Неимоверными усилиями, делая рывок за рывком, мне всё-таки удаётся достичь небольшого уступа. Я поднимаю голову, встречаюсь взглядом с Северусом и радостно улыбаюсь, ожидая, что он вот-вот протянет руку и поможет забраться к нему наверх. Но он только наблюдает, и его будто забавляют мои упорные попытки преодолеть все препятствия, чтобы соединиться с ним.
Внезапно на его губах появляется издевательская усмешка, словно он готов расхохотаться над моими тщетными усилиями и глупыми надеждами. И в тот же самый миг я срываюсь, лечу вниз по склону, кувыркаясь через голову. Через несколько секунд я растягиваюсь у подножья холма, откуда и начинала свой злосчастный путь. Жалкая, грязная, растрёпанная, полубезумная, я раз за разом зову Северуса, умоляю его помочь, но на вершине уже никого нет…
— Мэри, я жду ответа, — вклинивается в моё сознание голос мужа. Требовательный, раздражённый. Лишний.
— Ты действительно хочешь это знать? Хорошо, я скажу тебе, — я чувствую себя безмерно усталой. — Это человек, которого я люблю. Давно, ещё со школы. Я всегда его любила.
Смысла лгать больше нет, хотя я прекрасно вижу, что своим признанием не только делаю больно Джеральду, но ещё, возможно, ставлю крест на будущей совместной жизни с ним.
— Вы… любовники? — после долгого молчания почти спокойно спрашивает он.
Я отрицательно мотаю головой.
— Между нами ничего не было, если ты об этом. И не будет.
— Значит, первая юношеская любовь?
Джеральд неуверенно улыбается. Кажется, он даже готов вздохнуть с облегчением — от того, что всё оказалось не так плохо, как он себе вообразил.
— Да. Первая. И единственная... Прости меня, Джерри.

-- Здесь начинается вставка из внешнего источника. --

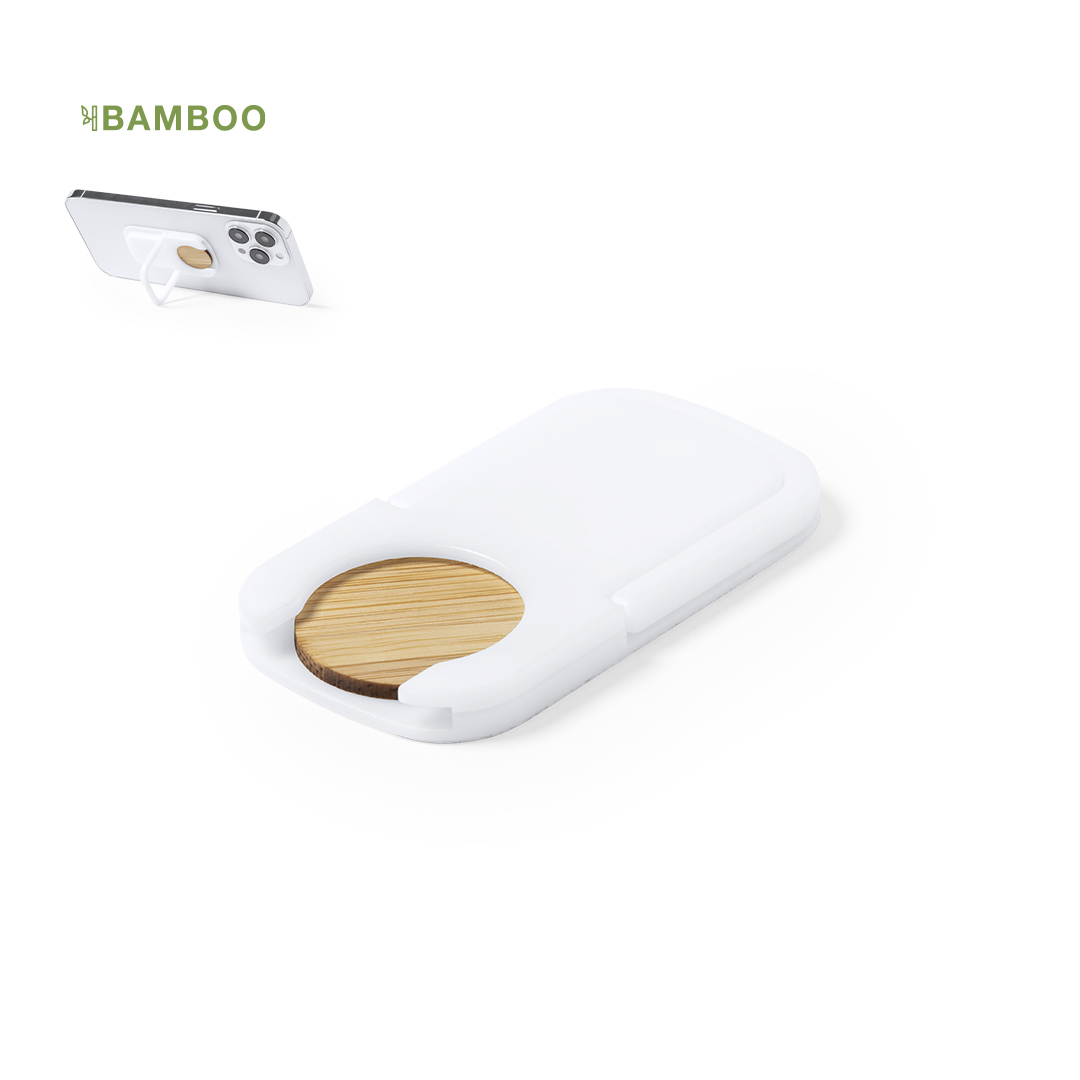 Soporte multifunción para smartphone, con moneda para carro de la compra integrada y anilla/soporte plegable. Cuerpo fabricado en resistente ABS de acabado blanco, con moneda en bambú. Con adhesivo de fijación extra fuerte y libre de residuos al despegarlo del dispositivo.

Вот и всё. Я наконец-то сказала и сделала то, на что, наверное, нужно было решиться раньше.
В глазах Джеральда медленно проступает понимание. Он шокирован моими словами. Но более всего тем, что я совсем не пытаюсь изворачиваться, юлить и не хочу солгать даже тогда, когда он с распростёртыми объятиями готов принять мою ложь — ради самообмана и спасения хрупкого, ускользающего миража счастливой семьи.
Не зная, что ещё можно сказать или сделать в такой ситуации, он поднимается с кресла, устало распрямляется и выходит из комнаты.
* * *
02.05.1998. Госпиталь св. Мунго
…Погруженная в тягостные воспоминания, она чуть не пропустила момент, когда холодные пальцы неуловимо дрогнули в её ладони.
— Северус?..
В ответ — короткий хриплый вздох. Стон, впрочем, совершенно беспощадно подавленный.
— Больно?..
Левой рукой она осторожно погладила его висок, чувствуя тонкую ниточку лихорадочного пульса под пальцами. И внезапное видение далёкого осеннего дня, дня их общих воспоминаний, взорвалось в её сознании.
* * *
01.09.1971. Хогвартс
Мириады свечей, парящих над столами меж полом и высоким, сводчатым потолком, принявшим облик вечернего осеннего неба. Сотни взволнованных лиц…
Сухощавая высокая дама в зелёном, просившая называть себя «профессор Макгонагалл» выкликает первоклассников по списку.
— Абрахамс Агата!
Смуглая девочка с тремя десятками цветных заколок в мелких темных кудряшках взбирается на высокий табурет, выставленный у директорской трибуны, на всеобщее обозрение. Прямо на заколочки приземляется огромная остроконечная мятая шляпа в заплатах, сползает девочке на глаза. Мгновение тишины… И — каркающий, громогласный возглас, летящий, кажется, прямо из-под потолка:
— Равенкло!!!
— Поздравляю, Эгги! — Улыбается Макгонагалл, — вы попали к нашим славным умникам и умницам, ваш стол — справа, ваш декан — профессор Флитвик…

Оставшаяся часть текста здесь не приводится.